L’ho appena lasciato intendere: Patroclo muore anche nel romanzo della Miller. Chi non conosca la narrazione di Omero, probabile che non se l’aspetti dalla storia, perché è Patroclo stesso il narratore. Leggendo La canzone di Achille, dunque, noi leggiamo il discorso di un morto. Bello. Credo che tra le novità che il romanzo sperimenta, questa sia la più riuscita. Certo, la finzione non sta in piedi: come fa un morto a scrivere? Non è dato sapere. Eppure, proprio la finzione scoperta ci dà un’apertura nuova.

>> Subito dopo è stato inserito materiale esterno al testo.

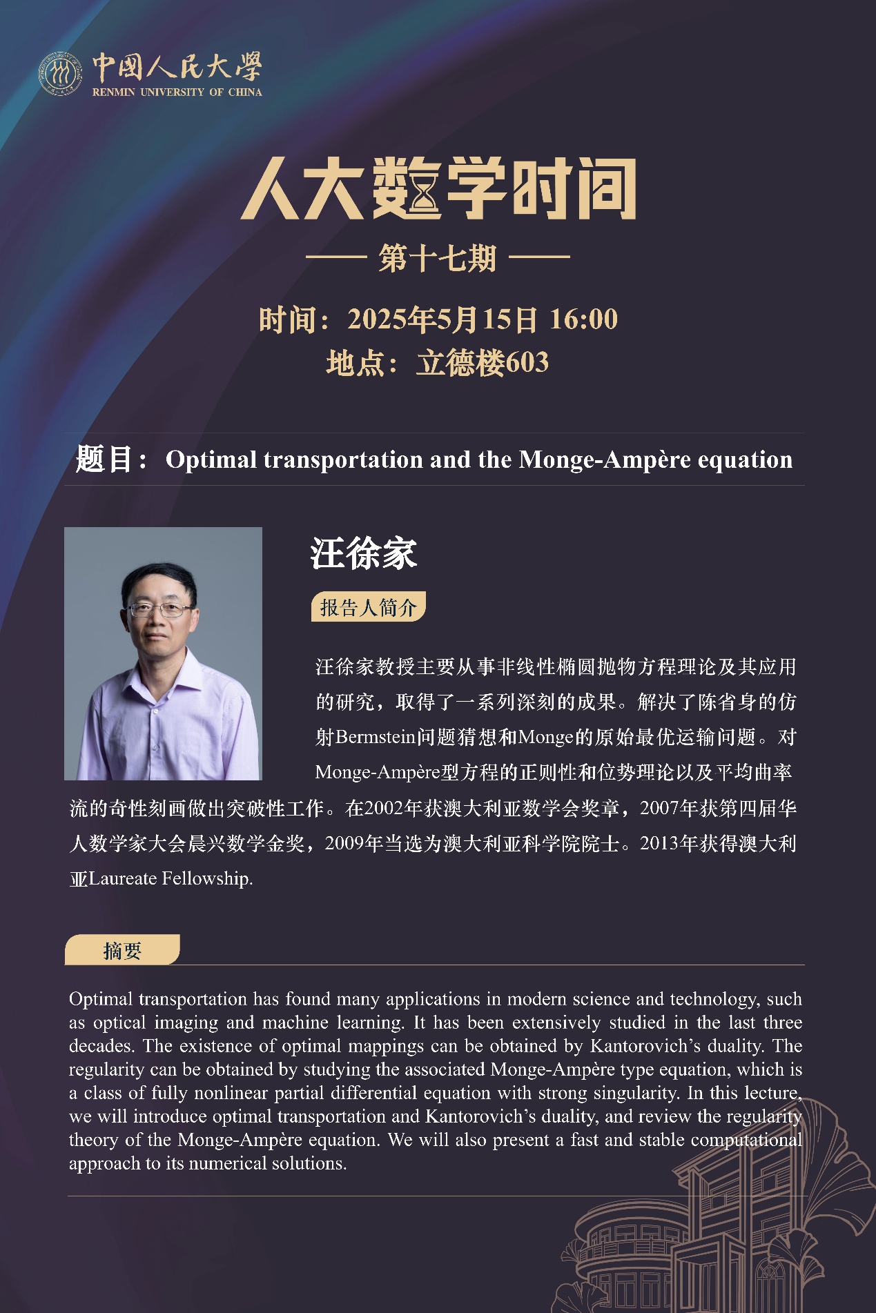 为促进学科交流融合、拓宽师生学术视野、释放科研创新活力,助力人大数学学科走向一流,13av 设立“人大数学时间”,以专题研讨、高端学术论坛为载体,搭建数学思想充分碰撞、优秀人才不断涌流、创造活力竞相迸发的舞台。“人大数学时间”将持之以恒,久久为功,立志通过交流与创新、提出重大问题,引领数学学科及相关领域的创新与发展,成为对我国数学发展有贡献意义的平台。以下为“人大数学时间I”第十七期信息:
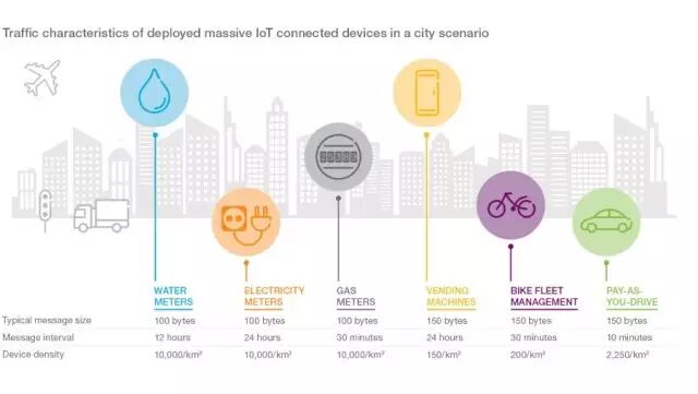 主页(http://www.pttcn.net):城市大规模物联网,让智能无处不在 关键物联网连接的特点是要求很强的可靠性和可用性,以及超低的延迟。比如交通安全、自动驾驶汽车、工业应用和医疗保健(包括远程手术)。 另一方面,大规模物联网的特点是具有海量连接、低数据量、低成本终端和对能耗的严格要求;示例包括智能建筑、智能电表、运输物流、车队管理、工业监控和农业。 互补型物联网技术 这两个领域有大量具有不同连接要求的大量用例。蜂窝网络适用于支持这两个领域,虽然没有单个技术适合于所有潜在情况。为了满足不同潜在大规模物联网应用用例的要求,几个蜂窝物联网技术正在标准化,包括扩展覆盖GSM-IoT、EC-GSM IoT、Cat-M1和窄带物联网(NB-IoT)。 根据技术可用性,用例需求和部署场景,这些解决方案可以互补。例如,EC-GSM服务于所有GSM市场的应用,Cat-M1支持广泛的物联网应用,包括内容丰富的应用,而NB-IoT针对超低吞吐量应用进行了简化,并提供极好的覆盖和部署灵活性。运营商是选择一个解决方案,还是结合几个解决方案取决于几个因素,如技术覆盖、网络技术策略和具体的目标市场。 超低端大规模物联网应用 要检查蜂窝网络承载物联网流量的能力,需要了解物联网服务的真实场景及其网络影响因素。我们的场景包括由一系列不同物联网服务组成的流量模型,包括对每个终端消息大小和流量强度的假设,以及在密集城市环境中部署的终端数量。它专注于对吞吐量要求有限的超低端物联网应用,例如计量和监控用例,因为这些应用将成为许多市场中部署的首批大规模物联网服务。 大规模物联网流量场景 每平方公里有1万户家庭的密集城市环境,类似伦敦、北京或纽约的中心地区,被用作大规模物联网服务场景的基础。假设在该地区部署了一系列不同类型的互联终端,包括水、煤气表和电表、自动售货机、租赁自行车位置监控器和汽车中(见脚注1)监控驾驶员行为的加速度传感器。上图中总结了每个终端的流量特征。(见脚注2) 此场景中使用的联网终端的数量代表成熟的大规模物联网场景。在初始部署阶段,终端密度将较低,相应的流量负载也不会那么高。 这些服务代表了现实的大规模物联网用例范围,这些用例预计将部署在城市环境中。 这些服务的部署环境和流量模型不同:远程控制仪表可能面临室内覆盖挑战,而安装在自行车上的终端通常位于室外。仪表流量可能每天集中传输一次,而其他终端可能需要每10分钟传输一次。 大规模物联网终端的数据流量很小;一个服务的典型数据包大约为100-150个字节,其中考虑了终端ID的有效载荷、时间戳和报告数据值。 此外,每个数据包都有大约65个字节的IP开销和更高层报头;媒体访问控制(MAC)层开销为15个字节,移动网络上行链路每个事件的标准控制信令为59个字节。总之,每个事件产生大约250-300个字节,由物联网终端传输。 上页图中显示了产生的流量需求。它清晰表明,尽管终端的密度非常高,每个终端的流量很低,每单位面积的流量限制为每平方公里几千比特/每秒(kbps), 而移动宽带业务在密集城市地区为每平方公里接近千兆比特/每秒(Gbps)。 脚注: 1. 基于每个家庭一辆汽车,每四个流量一组计算平均值。 2. 在这种情况下,上行链路流量为主导,下行链路流量用于应用确认(ACK和终端之间的控制平面信令(RRC), 无线接入网络相对较小。 3。 Orange、爱立信、“传统GPRS MTC流量模式”(2016年2月15 日- 19日),文档GP 160060,3GPP GERAN 69号会议。 部署NB-IoT载波 实现大规模物联网服务场景 NB-IoT适用于超低端物联网应用。基站可以与终端通信的下行/上行最高瞬时数据速率为227 / 250kbps,而每个终端的持续最大吞吐量为21 / 63kbps,足以支持城市情景中的服务。虽然其容量低于移动宽带,但系统级仿真显示,一个180 kHz 的NB-IoT载波可以承载数十kbps——具体取决于载波配置。假设单个NB-IoT载波在3个扇区站点部署,城市环境典型的站点间距离为500米,可实现每平方公里数百kbps的区域容量。这比我们密集的城市情景中大规模物联网服务流量的需求大得多。 下图说明了在我们的城市情景中,大规模物联网累积流量与单个NB-IoT载波的容量之间的关系。所有大规模物联网服务的总流量总计占总可用容量的6%,这表明在需要另一个NB-IoT运营商之前,可以支持在所考虑的情况下将大规模物联网流量增加15倍。此外,Cat-M1与NB-IoT相比支持更高的数据速率和容量。 除业务所需的容量外,覆盖挑战性位置中的终端至关重要。因此,NB-IoT和Cat-M1设计提供比GSM和LTE显著更好的覆盖。这种改进的覆盖允许无线电信号穿透附加壁垒或红外反射(IRR)金属化玻璃窗,可以到达部署在室内深处或地下室(典型的仪表位置)的终端。 创造商机 蜂窝网络可以处理大量大规模物联网终端,对网络容量的影响最小。我们的方案显示,单一NB-IoT载波(部署在保护频带或带内,占用10 MHz LTE载波的2%)明显超出了所考虑的大规模物联网服务的需求。这些发现意味着NB-IoT的初步部署可满足潜在的更高数据需求和流量强度,也能够支持其他类型的服务。 通常,运营商可能不怎么升级现有网络以支持物联网业务,但是该领域的潜在价值巨大。可以从单个基站为成千上万的物联网终端提供连接是重要的推动力量,可以带来新商机。 物联网展望 随着新兴应用和商业模式的涌现,以及标准化和终端成
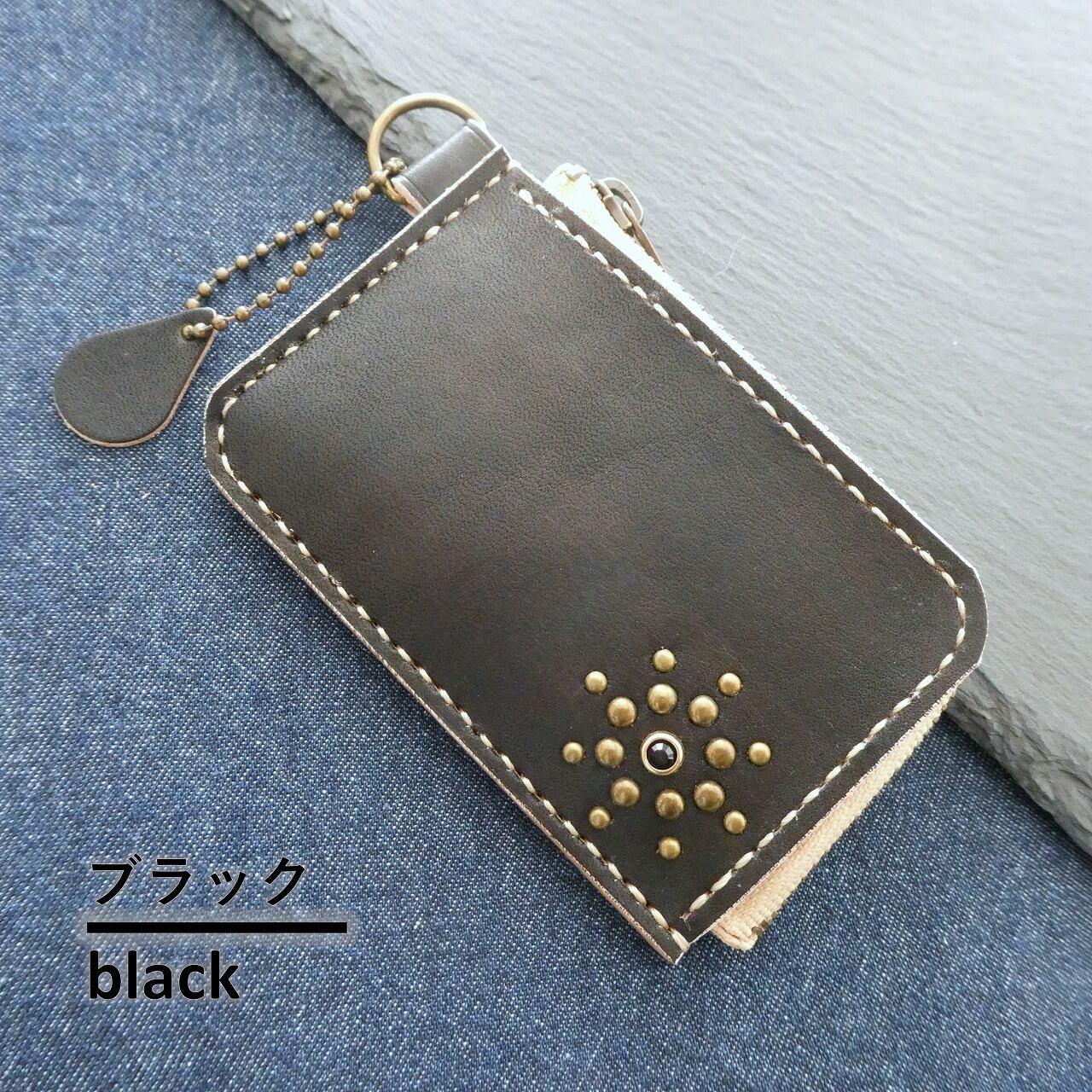 【手縫い】丘染めフラワースタッズL字ミニマムウォレット(栃木レザー)
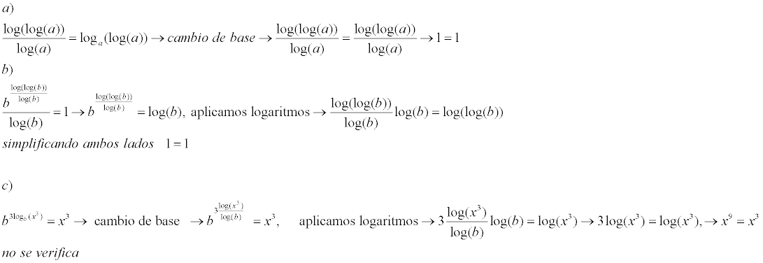 bLog(w)/w / w = 1, tomas logaritmos en base b en ambos miembros y queda:

Suppongo che la Miller, all’inizio di quei dieci anni di lavoro, debba essersi posta la domanda: e adesso chi ci metto a raccontare la storia? E forse si sarà detta: non certo Patroclo, che nell’Iliade muore prima della caduta di Troia. Ma poi si sarà detta (o un editor le avrà detto): e invece sì, proprio Patroclo. E così ha fatto di un impedimento una risorsa. Via via che procedevo nella lettura, ero proprio curioso di vedere se e in che modo avrebbe aggirato l’ostacolo. Forse sto dando troppo merito a una manovra di comodo. Però, l’amato-amante che parla dall’aldilà mi pare davvero l’aspetto più valido del libro. Ci vedo perfino un messaggio: un riconoscere alla parola una realtà più libera di quella in cui viviamo; un indicare proprio nella parola la libertà che nella vita ci manca; una libertà che è più vita della vita stessa. Il Patroclo della Miller, insomma, mi piace più perché parla nonostante la morte che non perché continui ad amare Achille nell’aldilà.

Corpo erotico

Comunque, è sicuramente il tema amoroso quel che più ha convinto le riscopritrici di TikTok. Anzi, il sesso, per essere precisi, che ho la presunzione di considerare la cosa che più interessa lettori e lettrici, specialmente giovani o giovanissimi. La Miller sa trattarlo con una certa liricheggiante disinvoltura, pur senza cadere mai nel dettaglio. Il sesso, comunque, c’è, ed è evidente che ai due, Achille e Patroclo, piaccia un mondo. Sono innamorati l’uno del corpo dell’altro. Patroclo possiamo anche capirlo: aveva tra le mani un bellissimo. Achille, però, è anche più scopertamente attratto dal corpo maschile. In una certa pagina si lascia addirittura andare a un elenco delle parti di Patroclo che più lo attirano. E ancora Achille, per scherzo, domanda a Patroclo quale dei pretendenti di Elena avrebbe scelto per sé.

Allarghiamo la prospettiva, superiamo TikTok, e proviamo a questo punto a pensare se non ci sia qualcosa nell’antica letteratura greca che giustifichi di per sé il grande successo della Canzone di Achille e che magari ci riveli un aspetto profondamente vitale di quella letteratura. Se c’è, è appunto il corpo erotico, il corpo che ama ed è riamato. Il pensiero della corrispondenza – l’ho detto in vari modi anche nel mio recente libro sul greco – struttura il pensiero e la lingua dei greci. La coppia sessuale ne è un emblema: corrispondenza come reciprocità dell’affetto e dell’appagamento. Da un simile pensiero escono Achille e Patroclo, e grazie a loro quel pensiero, per quanto facilonescamente ripreso e divulgato a distanza di millenni da un’americana di non eccelso talento, continua a parlare e a convincerci.